Monday, November 24, 2008

Being Grateful

Sometimes I am a selfish, spoiled brat.

I hope that the people who know me would disagree with that statement, but too often, it's true. Not necessarily when dealing with other people, but when it comes to my relationship with God, I can act like quite the pampered princess.

I've been thinking about it a lot with Thanksgiving coming up in a couple of days. I can be such an ingrate. There are times when I'd rather waste my breath complaining about everything that's not perfect than realizing the many wonderful things there are in my life. Certainly, I'm not the worst child on the planet, but God deserves so much better than what I too often give Him.

Because of that, I just wanted to take the time, instead of whining, to be thankful.

So, thank You, Lord, for the wonderful family you've given me.

Thank You for my true and loyal friends.

Thank You for the people who are still in my life and the memories I've made with those who aren't anymore.

Thank You for the little moments every day that remind me of what a good life I have and what an awesome God You are.

Thank You for the sound of children's laughter, the smell of honeysuckles in the spring, the beauty of a rainbow.

Thank You for good health and a sound mind and body.

Thank You for freedom and those who sacrificed to give and preserve it.

Thank You for Jesus, the cross, the empty tomb.

Thank You for Who You are, and the fact that You are the same yesterday, today and forever...regardless of what I may be going through.

Thank You that You never let me down, You always keep Your promises, and You love me no matter what.

And I love You, too.

Friday, November 14, 2008

"Making the most of every opportunity..."

As many of you probably know, I was sick last week.

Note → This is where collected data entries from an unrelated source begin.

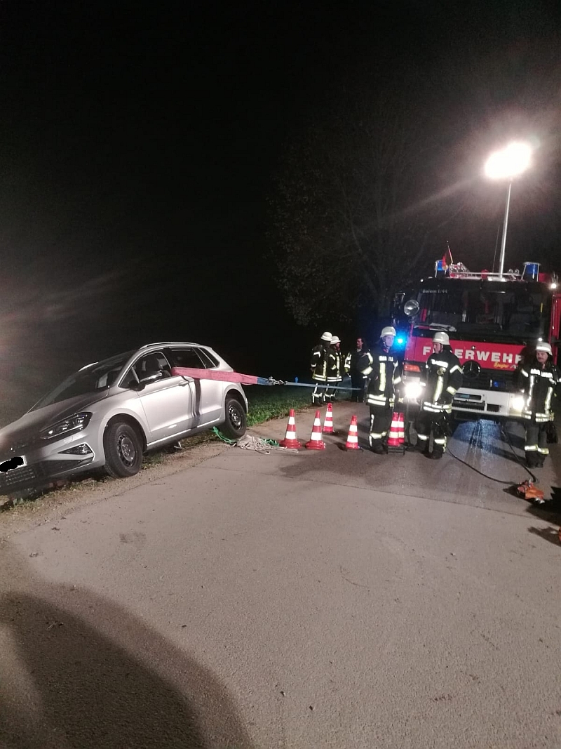 Der dritte Einsatz am 08.11.2018 führte die Feuerwehr Salem auf den Verbindungsweg zwischen Wehheim und Mittelstenweiler. Der Verbindungsweg ist aktuell ein stark befahrener Schleichweg, da die Ortsdurchfahrt Neufrach immer noch saniert wird. Beim Eintreffen der ersten Kräfte stellten diese fest, dass ein Fahrzeug von der Fahrbahn abgekommen und schräg auf dem unbefestigten Bankett stand. Der Fahrer befand sich immer noch im Fahrzeug, da die Gefahr bestand, dass das Fahrzeug weiter Abrutscht. Der eCall des relativ neuen Fahrzeugs hatte ausgelöst. Nach der Stabilisierung des PKW konnte der Fahrer unverletzt befreit werden. Um das Gefährt zu bergen, wurde ein Abschleppfahrzeug mit Kran angefordert. Bevor das Abschleppunternehmen jedoch den Havaristen an den Kranhaken nehmen konnte, musste ein weiteres Fahrzeug geborgen werden, welches nach einem Wendeversuch auf der engen Straße sich festgefahren hatte.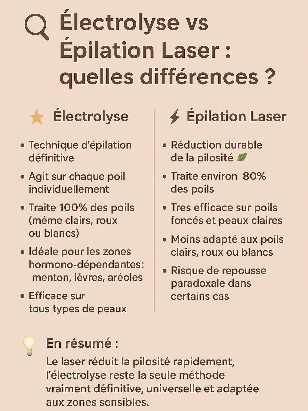 C’est la seule technique reconnue comme 100% définitive, efficace sur tout types de poils et toutes couleur de peau.
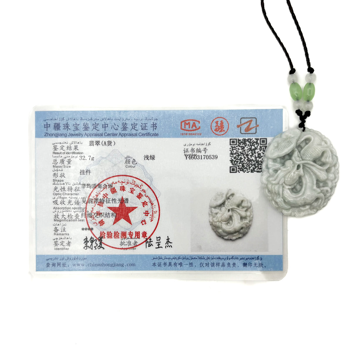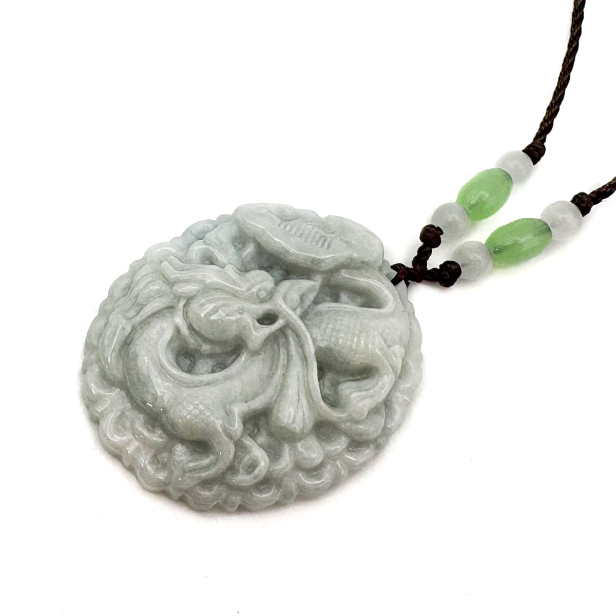 Certified Green Natural Type A Jade Jadeite Carved Dragon Ruyi Pendant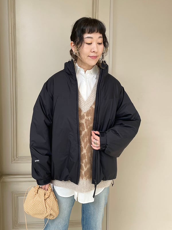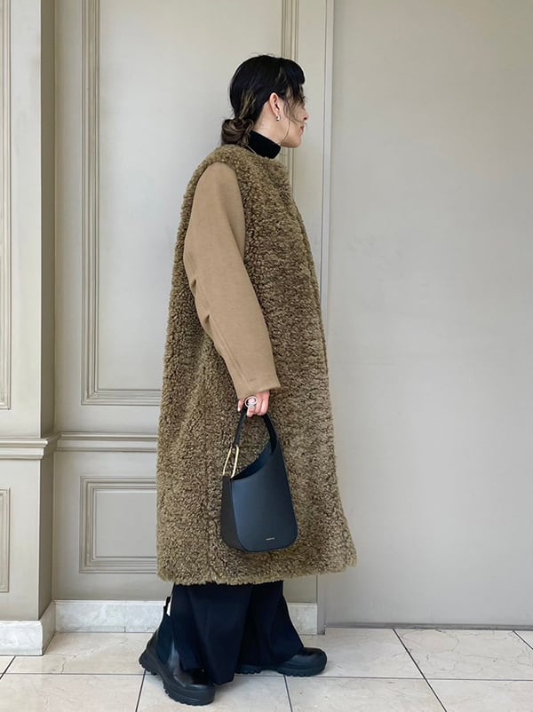 着用したファーコートは、ファーベストを重ね着したようなデザインで、着るだけで存在感のある着こなしが決まります!

I managed to miss only one day of work, but getting up in the morning is still hard. (My energy level has yet to be up to par.) One of the side effects of being sick is that my voice sounded funny and I had a hard time singing. I barely got through Sunday services last weekend without my voice completely cracking and then at choir rehearsal Thursday, I kept losing it periodically. In between, it was frustrating not being able to sing to the radio as much as I would like. The people in other cars who look at me funny are probably thankful for that. By yesterday, I was doing pretty well, though.

Anyway, I knew eventually my voice would be back to normal. But one night I started thinking about what I would do if it didn't. It wasn't that I looked at the worst-case scenario, but people do lose their voices for long periods of time. I've seen it in people I know. I've been singing in church since I was three years old - before I can even remember. What would I do if I ever got to the point that I couldn't do it anymore?

It's a thought that scares me. But at the same time, I think it's good for us to look at our abilities and opportunities in this way. I think we would all appreciate them more. As I began to think about that possibility, my mind turned to others. What if I could no longer type or write? What if I couldn't express myself with words anymore?

Better yet, what if never again got the opportunity to talk to someone about Jesus? What if that person in my life that I need to show kindness to was suddenly not there and I didn't get another chance? In my past, I've come across people that needed Christ, but because I wasn't where I needed to be with Him, I couldn't be a witness to them. I've literally found myself in tears over people that I once knew who I may never see again and who I may not see in Heaven because I didn't take the opportunity to show them how to get there.

It's a sobering thought, huh? Our singles ministry theme verse is Ephesians 5:15-16 - "Be very careful, then, how you live—not as unwise but as wise, making the most of every opportunity, because the days are evil." This is important for us all to remember as we live out our days here. We don't know how much time we have left, or how many chances we will have to do something for God. I know I've passed on a lot of opportunities that I may never get again.

So we should tell the people in our lives that we love them. We should use the talents and abilities God has given us while we have them. We should share the love of Jesus every time He gives us the chance. Making the most of every opportunity.

Wednesday, November 5, 2008

The Perfect Candidate

I cast my vote for the perfect candidate.

He is for truth and justice. He knows that things may not always seem fair, but that in the end, they work together for good. He always provides for those in his charge. He listens to his constituents. He always does what's best for them. He is kind and meek, but also strong and always in control.

He understands the difficult times that we go through because he has been through even more difficult times and emerged victorious. He cares so much about us that he put his life on the line many years ago to give us freedom.

He reaches out to children, the elderly, women, the disabled. He's even spent time with people who had communicable diseases. He loves everyone of every race the same. He is sympathetic to the suffering and merciful to even those who do him wrong. He is the perfect role model for us and our children.

I'm telling you, you can't go wrong with this candidate. There is no fault in him and nobody can accomplish what he can. He has the record to prove it. He has a long history of providing hope to the downtrodden, wholeness to the broken, nourishment to the hungry, peace to those in turmoil. At one time, he even saved the world. He's delivered on every promise he's ever made. Has any other candidate ever done that?

Have you cast your vote for him yet? I did years ago. He's never let me down. I've never been disappointed. Because my vote was cast for the perfect candidate.